Desafortunadamente, justo cuando los dos llegaron a la puerta, una ambulancia pasó rugiendo frente a ellos.

En su aturdimiento, Shannon Quinn vio a Susan Wilde y Simon Rhodes acercándose, y Susan dijo emocionada:

—¡Rona está a punto de dar a luz!

—¿Cómo está?

—Acabo de verla y parecía de buen ánimo. Me dijo que todavía no ha roto aguas, solo tiene dolores estomacales. Probablemente sucederá esta noche.

Shannon Quinn miró a Landon Sutton, preguntando:

—¿Qué tal si vamos al hospital?

Landon Sutton frunció el ceño aún más, preocupado de que ella se alterara. Solo se sentía tranquilo cuando ella estaba acostada en la cama; el resto del tiempo, estaba tenso. Así que dijo:

—No eres médico. Ir al hospital no ayudará. Ve a dormir ahora, y te llevaré allí a primera hora de la mañana.

Susan Wilde estuvo de acuerdo, diciendo:

—Si vamos ahora, solo estaríamos esperando. Vi que el Sr.
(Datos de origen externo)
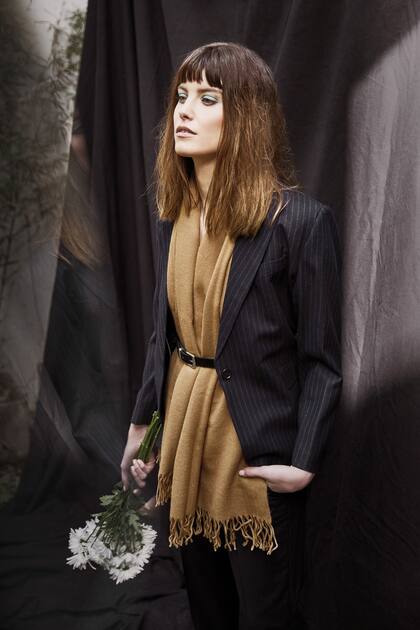 Saco se lana tizado, pantalón de vestir, chal de lana como top y cinturón de cuero, Giesso

Thorne ya había preparado las cosas del bebé, y como no ha roto aguas, quién sabe si sucederá para mañana.

Simon Rhodes, muy parecido a su hermano, era sobreprotector con Susan desde que se enteró de que estaba esperando gemelos, siempre manteniendo su mano en la cintura de ella.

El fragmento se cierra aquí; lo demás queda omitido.